Shoaib Malik, having displaced Azhar Ali from his favoured spot at No. 3, might have felt he needed another significant score after following up 245 in the first Test in Abu Dhabi with 0, 2 and 7. He overturned an lbw decision against him on 22, off the bowling of Moeen Ali, but was dismissed shortly after lunch for 38, pushing leadenly at Broad.
Broad’s initial three-over spell with the new ball had been tight but his parsimony reached new heights as he sent down five consecutive maidens in a spell full of guile and variation. At that stage he had figures of 8-7-1-1, having strung together 40 deliveries without conceding a run off the bat, as Misbah decided the safest method was to block him out of the attack.
Between them, Broad and Anderson delivered eight maidens out of nine. The tourniquet was pulled so tightly that when Anderson served up a leg-stump full toss, the normally unflappable Younis Khan missed it to be lbw, even wasting a review only to find it was hitting flush. Asad Shafiq, with three half-centuries in his four previous innings, then paid for his own inertia when nicking Patel behind having scored 5 off 35 balls.
Patel might have been expecting to carry the drinks but, after being preferred to Liam Plunkett, he was called on to bowl inside the first hour and shouldered the heaviest workload. By contrast, on his previous Test appearance, in Kolkata in 2012, he had been required to send down a solitary over.

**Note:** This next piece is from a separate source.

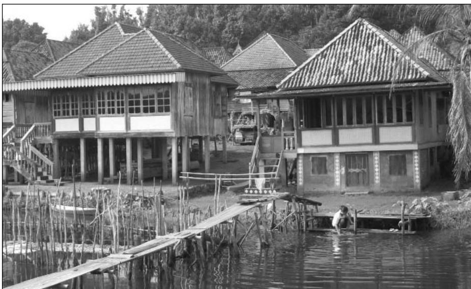
Talang Nangka village, South Sumatra

For further background see DTE 72:1-3 and DTE 71: 5-9. Sawit Watch's two 2006 reports, Promised Land: Palm Oil and Land Acquisition in Indonesia , and Ghosts on our own land: oil palm smallholders in Indonesia and the Roundtable on Sustainable Palm Oil , are available in English and Indonesian from www.sawitwatch.or.id and www.forestpeoples.org .

The identity of England’s first wicket-taker was easier to predict. Pakistan had deployed a new opening combination, after recalling Azhar for Shan Masood, but Anderson was equally effective against the new man. Azhar, asked to open for only the fourth time in Tests, felt for a delivery outside off and feathered through to Jonny Bairstow, Jos Buttler’s replacement behind the stumps.
Patel was brought into the attack early, perhaps to give him a feel for the contest, but he was left needing treatment after just two deliveries. An apparent dislocation to the little finger on his bowling hand necessitated some tape from the physio but he was able to continue. Coincidentally, Patel owed his place in the touring party to a far worse dislocation suffered by Zafar Ansari on the day the squad was announced in September.
Pakistan attempted to put the hurt on Moeen, too, but after conceding 17 runs from his first 16 deliveries, he had Mohammad Hafeez taken at backward square leg on 27, via an ungainly top-edged hoick. Moeen thought he had two in two overs when he spun the ball past Malik’s inside edge into the front pad but Chris Gaffaney’s lbw decision was overturned, with Hawk-Eye suggesting the delivery had turned too much and would have missed leg stump.
In between times, Patel twice got the ball to grip and turn past the bat of Younis, suggesting England’s three-spinner theory was sound. Still, Pakistan have had no shortage of success against England’s slow bowlers in the series and Younis swept, cut and drove as often as he hopped, fenced and prodded. From 23 for 1 after 14 overs, the run rate rose during the second hour as Pakistan attempted to hit their way out of difficulty.
The morning had begun with Cook calling incorrectly for the third time in a row and Misbah duly condemned England’s bowlers to another day in the field by choosing to bat. Misbah gave Cook a consoling pat on the back, Pakistan’s UAE magic seeming to border on sorcery, but it turned out England had several decent spells up their sleeve.